Today we saw the final product begin to emerge. All of the past few day’s hard work is organised in a master spreadsheet and finalised by the team (gaps are filled, all of the groups’ words are collated).

The conference work is projected onto a wall to be finalized

 In the screenshot above you can see some of this. For example, in the column on the far left is the Gondi word गाडी (gari) which means ‘to come together’. It is a verb and its Hindi equivalent is, in the fifth column, आमान सामन आना. The columns after that are the different regional variations: visible are the contributions from participants from Andhra Pradesh and Telengana but beyond that there are also entries from Maharashtra, Madhya Pradesh, Chhattisgarh and Odisha. 

Patterns of similarity are easy to spot and tend to map onto geographical location: AP and Telengana have many words that are same, similarly Madhya Pradesh and Chhattisgarh. Odisha, far away on the East Coast, seems to have the most differences. 

It has been, by all accounts, a successful few days. Tomorrow everyone will go home, the details of publication will be worked out and a report will be written and distributed to everyone who is interested or in a position to further the cause of the Gondi language.

Monday 27 October 2014

Amarkantak Gondi Standardization Conference - Day 4


Part of the team

This morning was spent continuing yesterday’s work of collating the regional variations of Gondi words. 

Taking notes


This process continues to present interesting challenges.
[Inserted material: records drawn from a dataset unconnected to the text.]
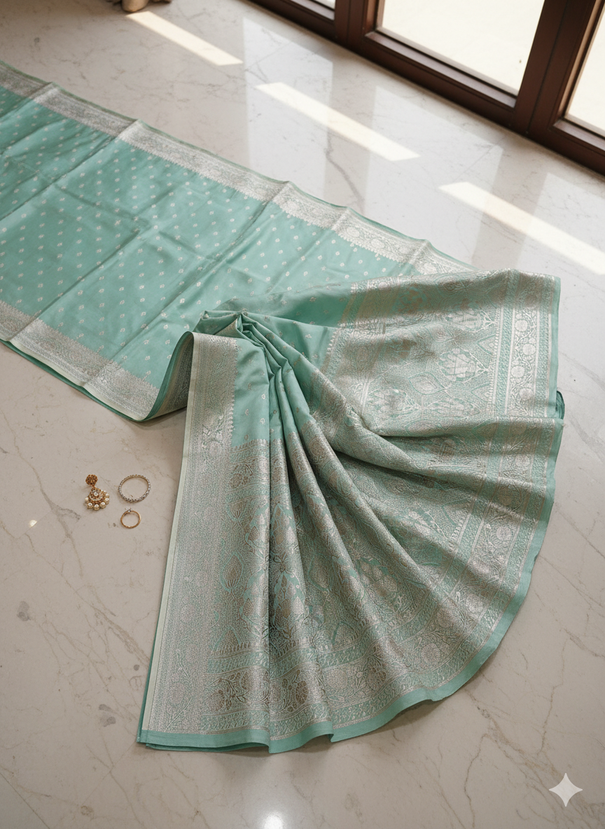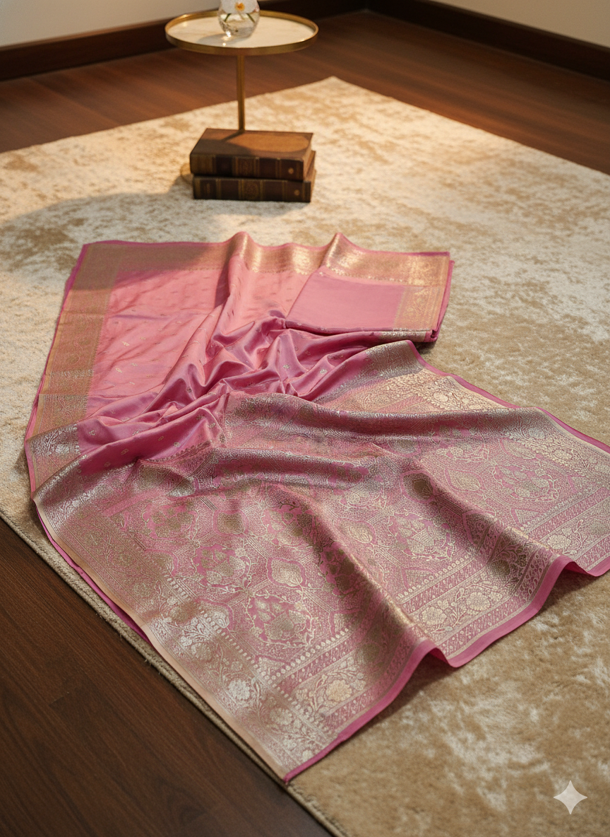 Mashroo Katan Silk is a luxurious handwoven fabric that beautifully blends tradition with opulence. Crafted from pure silk threads, this exquisite textile is known for its smooth texture, natural sheen, and subtle strength. The word “Mashroo” traces its origins to Arabic, meaning “permitted,” and historically, the fabric was created to meet both comfort and cultural sensibilities — combining a soft silk surface with a cotton base.
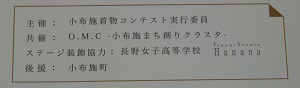 先日お伝えした「小布施着物コンテスト」のステージ装飾のためのピンワーク。3/16(日)に行われた本番のステージに飾らせていただきました。総合文芸部美術部門の生徒が製作した看板もホールの入り口に飾っていただきました。どちらも実行委員会の方に喜んでいただけたり、来場されていたお客様が作品の写真を撮られる姿が、生徒にとって励みになりました。また、当日はリハーサルを見学させていただき、プロのテキパキとした動きやたくさんの人が関わってステージが作られる様子に刺激を受け、自分たちの今後の活動に夢を膨らませる1日となったようです。(担当:1学年)
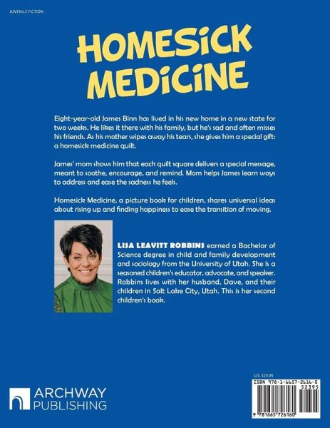 Eight-year-old James Binn has lived in his new home in a new state for two weeks. He likes it there with his family, but he's sad and often misses his friends. As his mother wipes away his tears, she gives him a special gift: a homesick medicine quilt. James' mom shows him that each quilt square delivers a special message, meant to soothe, encourage, and remind. Mom helps James learn ways to address and ease the sadness he feels. Homesick Medicine, a picture book for children, shares universal ideas about rising up and finding happiness to ease the transition of moving.

One problem, for example, is translating very specific words. The Gondi word 'kacci visi', for example, refers to a large kind of biting fly common in the hill regions of Telengana. 

Screenshot of the Gondi dictionary (it is written in the Telugu script, rather than the Devanagari that our dictionary will be completed in)
Everyone struggled with coming up with suggestions for this one: the specificity of this word makes it difficult. It identifies a single insect species that may not be present elsewhere, or may have different names across the region and it is difficult to be sure that this word refers to the same insect as another word (the English translation, ‘large green fly’ is, of course, no help at all). It is only through group discussion that such things can be studied.




 After lunch we all went on a cultural outing through the thick forest and the hills to the nearby town of Amarkantak. Amarkantak is a famous holy site for Hindus, the area is the source for three rivers: the Narmada, the Son and the Johila. The town holds a special value for pilgrims who embark on a daunting three year journey from the source of the Narmada all the way to the sea and back again.

Hanging out

 Also of interest in the town are the historic temples built by a Gond King who ruled the area long ago. On the top of one of these temples is his royal seal, a lion on top of an elephant, which is often used today as a symbol for the Gond people.
The Gondwana royal

Amarkantak Gondi Standardization Conference – Day 3




Conference delegate is hard at work logging all of the word variations
CGNet’s involvement with the people of central India has brought it to the Indira Gandhi National Tribal University for the third conference on Gondi language standardization. We will be keeping you updated as events progress here.

Microsoft Excel is, I think, rarely used for a purpose like this. Each of the columns shown above documents a different regional variation of Gondi words: the finished product should resemble a kind of thesaurus of differences throughout Gondi speaking regions. Participants gather in groups to log the variations on the words that they know. After the initial teething problems (organizing laptop chargers, finding the correct files and formats etc.) this is a fairly speedy process: this morning each group got through around forty words in two hours. 


Discussion is essential to this process
The participants are using for reference a basic Gondi-Hindi-Telegu-English dictionary that gives them a framework to build on. Each group is allotted a number of pages and works through the words one by one, giving the Gondi word and its Hindi and Telegu equivalents until a sense of the word is realized and regional variations can be suggested and logged. This dictionary, while essential, importantly lacks the regional variation this conference is trying to pin down: though a useful tool to use, it was compiled using data from only a small area of Telengana, and requires further input from the wider Gondi region to be called truly representative of the language as a whole. 

The Gondi words discussed today cover a wide range of topics: ‘sandal’, ‘silver neck ornament’, ‘bleed’, ‘roof’, ‘storm’, ‘rash’, a word that translates as ‘to uproot many things quickly’ and ‘fishing net’. 

After everyone finished for the afternoon we were treated to a performance by a Gondi dance troupe.




And after that, everybody joined in!